Jane: I haven’t read the book that seems to have caused so many people to imagine BDSM is something that was recently invented. Plenty of books containing BDSM elements have been published since long before the current trend. I can’t imagine why anyone would jump on any kind of publishing bandwagon, anyway, given the speed at which traditional books are published. By the time you write something you think is “in,” it’s not, so it’s never a good idea to write to trends. I started writing The House of Arkhangel’sk in early 2006 and finished the first draft of the trilogy in 2009. Took another year to polish it and find an agent, then another five months before it was sold, and the first book came out seven months later. I’d have to have been extremely prescient to have timed my first novel to be released just before the rest of the world “discovered” BDSM in order to capitalize on it.

Marlene: People usually equate being on “the side of the angels” with goodness. But your angels aren’t necessarily good. And your demons aren’t necessarily evil. How would you define the difference?

Jane: Essentially, my angels are the celestial nobility, while the demons are the peasant class. I decided to use the idea of this class system to reflect conditions in pre-revolutionary Russia. Since no one in that equation is all good or all bad, neither are my characters.

Marlene: Now that they’ve been teased a bit by the first few questions, can you tell readers what they can expect of The Fallen Queen and The Midnight Court?

Jane: They’re epic fantasy on the darker side with a little bit of urban fantasy thrown in. Add an angelic imperial family, a wicked fairy queen, murder, mayhem, love, two naughty leather demons (“leather,” incidentally, is code for BDSM, for those who don’t know), and some dirty Russian words, and there you have it. Oh, plus a bizarre game of dice and cards that nobody could ever possibly win, except my tattooed demon scoundrel.

Marlene: Now can you tell us 3 reasons why people should read your books?

Jane: Belphagor, Vasily, and more Belphagor. 😉

Marlene: Turning the tables a bit, what book do you think everyone should read, and why that book?

Jane: The Princess Bride, because it’s the best romantic fantasy ever, and because there’s even more Fezzik and Inigo than in the movie.

Marlene: What are your upcoming projects? What comes next in the House of Arkhangel’sk?

Jane: The Armies of Heaven. And after that…I’m currently working on a second Arkhangel’sk trilogy, and I have another series that began with my novella, The Devil’s Garden, that I hope to find a home for someday soon.

Marlene: What do your two feline overlords think of all this? Do they interfere much with your writing? What are their names?

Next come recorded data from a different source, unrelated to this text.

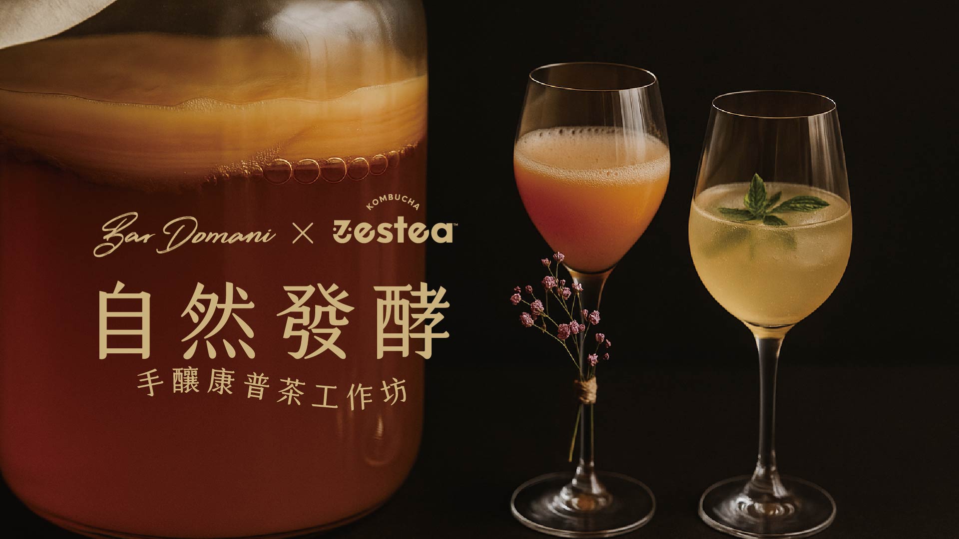以無酒精氣泡香檳為靈感,Bar Domani 攜手台灣在地康普茶品牌 Zestea,共同打造的【自然發酵・手釀康普茶工作坊】,邀您親手體驗康普茶釀造樂趣。
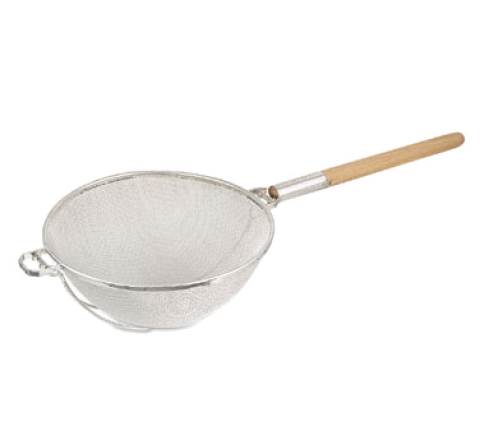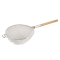 Strainer, 14" bowl, 17"L handle, pan hook & flat-bottom wood handle, rigid tinned, medium double mesh
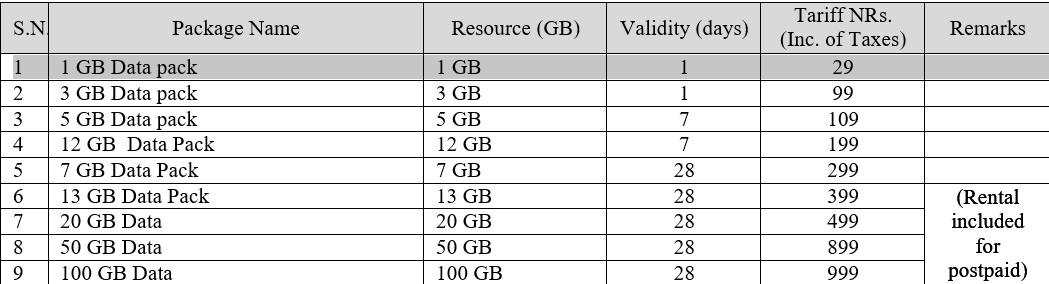 डाटा प्याक अन्तर्गत १ दिन देखि २८ दिनसम्म समयावधि रहेका २९ रुपैयाँ देखि ९९९ सम्मका १ जीबी देखि १०० जीबी सम्म रिसोर्स सहितका विभिन्न आकर्षक डाटा प्याकहरू उपलब्ध हुनेछन् ।
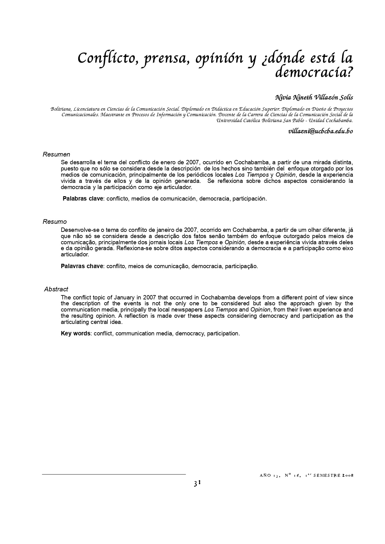 Ver Vol. 13 Núm. 16 (2008): Revista Punto Cero No. 16
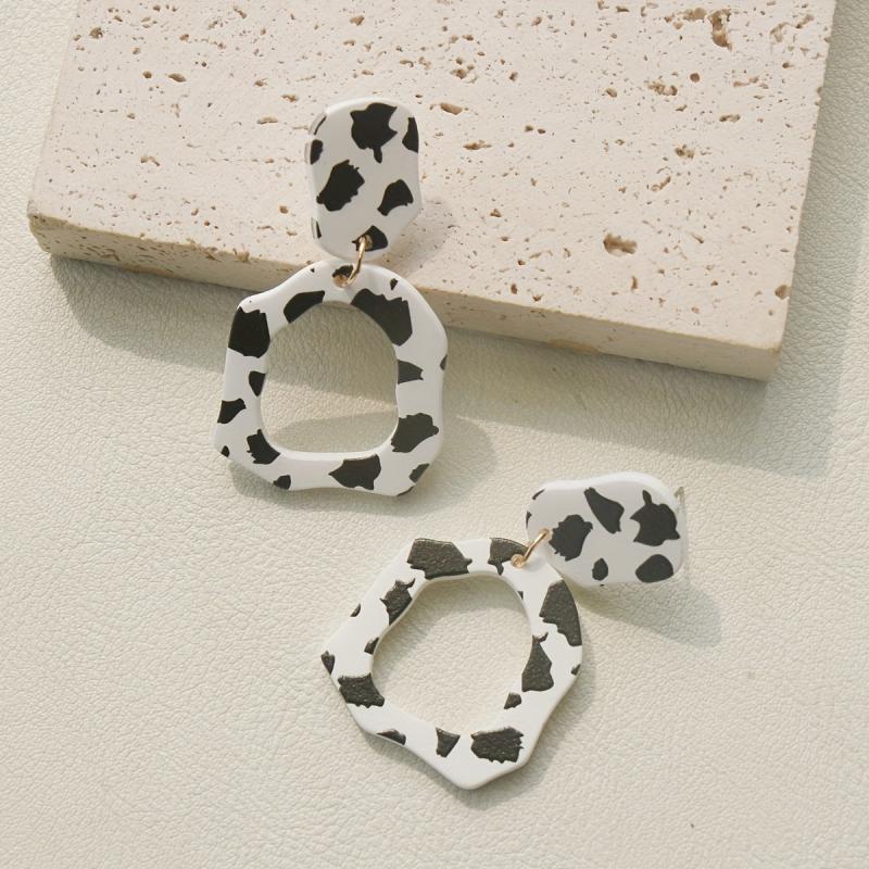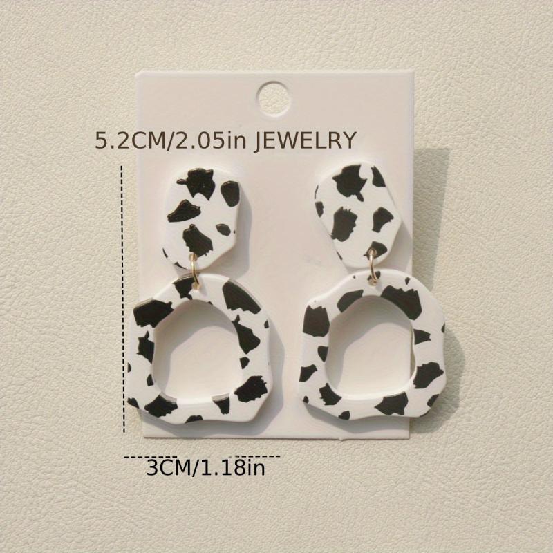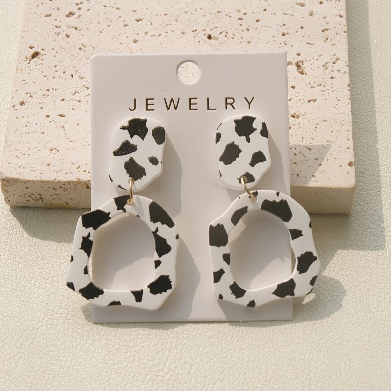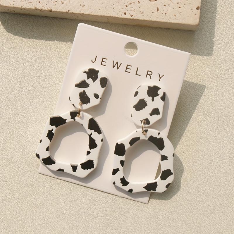 Add a touch of vintage charm with these colorful acrylic hoop earrings. They feature a stylish cow print design and are perfect for everyday wear or special occasions.

Jane: The photo I’ve included answers most of that. The one in the photo is Neo. He thinks he owns my lap. The other is Urd, an extremely round calico who demands hourly pettings. I feed these little overlords four times a day (first and second breakfast, first and second dinner—I have to divide up their meals into separate courses). If I didn’t, I’d have no peace.

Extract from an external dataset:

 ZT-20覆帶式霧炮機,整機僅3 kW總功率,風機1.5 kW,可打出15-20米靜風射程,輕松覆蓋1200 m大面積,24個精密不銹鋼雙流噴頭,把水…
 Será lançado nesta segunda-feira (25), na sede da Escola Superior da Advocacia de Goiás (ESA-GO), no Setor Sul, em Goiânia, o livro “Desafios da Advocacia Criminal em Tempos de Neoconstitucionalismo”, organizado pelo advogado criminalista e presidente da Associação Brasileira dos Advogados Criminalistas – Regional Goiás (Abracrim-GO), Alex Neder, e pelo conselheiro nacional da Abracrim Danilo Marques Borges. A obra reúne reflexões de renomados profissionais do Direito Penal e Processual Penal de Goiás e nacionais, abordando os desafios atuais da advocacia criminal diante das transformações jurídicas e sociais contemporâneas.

Marlene: And for anyone else who happens to be going, where and when will you be at Dragon*Con next month?

Jane: I don’t have any particular plans. I’m not on any panels and haven’t looked at the schedule yet to see what I want to attend, but anything Joss Whedon or Star Trek related, and I’m there.

Anything Joss Whedon or Star Trek related sounds like a perfectly good plan to me…assuming that any of our feline overlords let us out of our houses!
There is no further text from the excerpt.